Friday, 19 de April de 2024 ISSN 1519-7670 - Ano 24 - nº 1284

Assim não há humor que agüente

No rádio e na TV, há uma onda de anúncios que pretendem ser engraçados. São frequentemente baseados num diálogo como este, ouvido há dias na Rádio Cultura, de São Paulo:

– Fulano, você conseguiu convencer o freguês a levar aquela TV sem garantia?

– Consegui sim, patrão.

– E ainda vendeu essa TV por um preço mais caro?

– Vendi, sim senhor.

– Puxa, você é bom de lábia mesmo. Agora vá convencer minha mulher de que aquela mancha de batom na minha cueca não é o que ela está pensando.

O script não era bem este, mas ia por aí. Não me lembro do nome do anunciante nem do que vendia. Esse tipo de publicidade remete à velha questão: um anúncio deve chamar atenção, mas não a ponto de ofuscar a identificação daquilo que anuncia. Quando o anúncio é muito mais um anúncio de si mesmo do que do produto, do serviço ou da idéia que deveria anunciar, ele presta um desserviço à empresa que paga a sua veiculação e os salários dos publicitários que o produzem. O desserviço, no entanto, é muito pior quando esse anúncio é veiculado repetidas e repetidas vezes, até a exaustão.

Mau serviço

Suponhamos que um anúncio seja realmente engraçado, assim como uma boa piada de loira ou de português. Você continuaria a achar graça se tivesse de ouvir várias vezes por dia, todos os dias, a mesma piada, contada pela mesma pessoa? Você não acabaria irritado, de má vontade com o contador da piada?

Os anúncios são programados para um certo número de inserções diárias, durante um certo tempo em certas emissoras de rádio ou TV. Boa parte dos ouvintes e espectadores dessas emissoras são sempre os mesmos, já que as pessoas têm hábitos regulares. Essas pessoas acabarão achando insuportável o tal anúncio engraçado e dificilmente terão disposição favorável para comprar o produto ou serviço anunciado – se conseguirem identificá-lo.

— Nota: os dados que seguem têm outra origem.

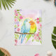 This hand-painted watercolor and pen illustration features lovebirds perched on a branch, surrounded by soft pink and purple flowers against a romantic pink sunset.

Uma resistência parecida pode nascer no espectador dos comerciais de TV concebidos como sketches. No espaço de 30 segundos, desenvolve-se uma historinha entre protagonistas que dialogam, com um desfecho pretensamente inusitado ou engraçado.

[Embora se tenha autoproclamado como uma das mais criativas do mundo, a publicidade brasileira é, na televisão, essencialmente oral. Feche os olhos e ouça: você entenderá perfeitamente as mensagens de quase todos os comerciais de um intervalo. Deixar de aproveitar as possibilidades da comunicação visual não é necessariamente uma deficiência. Somos um povo oral, preferimos falar e telefonar a qualquer outra forma de comunicação. Nossa comunicação visual geralmente se limita à gesticulação, importante acessório da comunicação oral. Talvez por isso a publicidade na TV ainda é bastante publicidade de rádio. Afinal, bem adequada.]

Esses sketches podem ser até interessantes, mas repetidos ad nauseam prestam um mau serviço ao anunciante que, otimista, desembolsa dinheiro graúdo para pagar sua produção e veiculação.

A presunção

Ao conceber uma historinha dessas ou um anúncio engraçado, a agência de publicidade deveria também conceber um plano de veiculação que poupasse o público das infindáveis repetições. Não há humor e paciência que resistam.

Aqui entra também um outro ingrediente, a presunção. Publicidade é publicidade, não é outra coisa. Tem o seu lugar, o seu papel, e não pode exorbitar. Você pode até ser um cineasta, um escritor, um artista, um humorista, mas é impróprio tentar expressar-se por meio de um comercial, de um texto de anúncio ou de um spot que o cliente aprovou e paga para divulgar.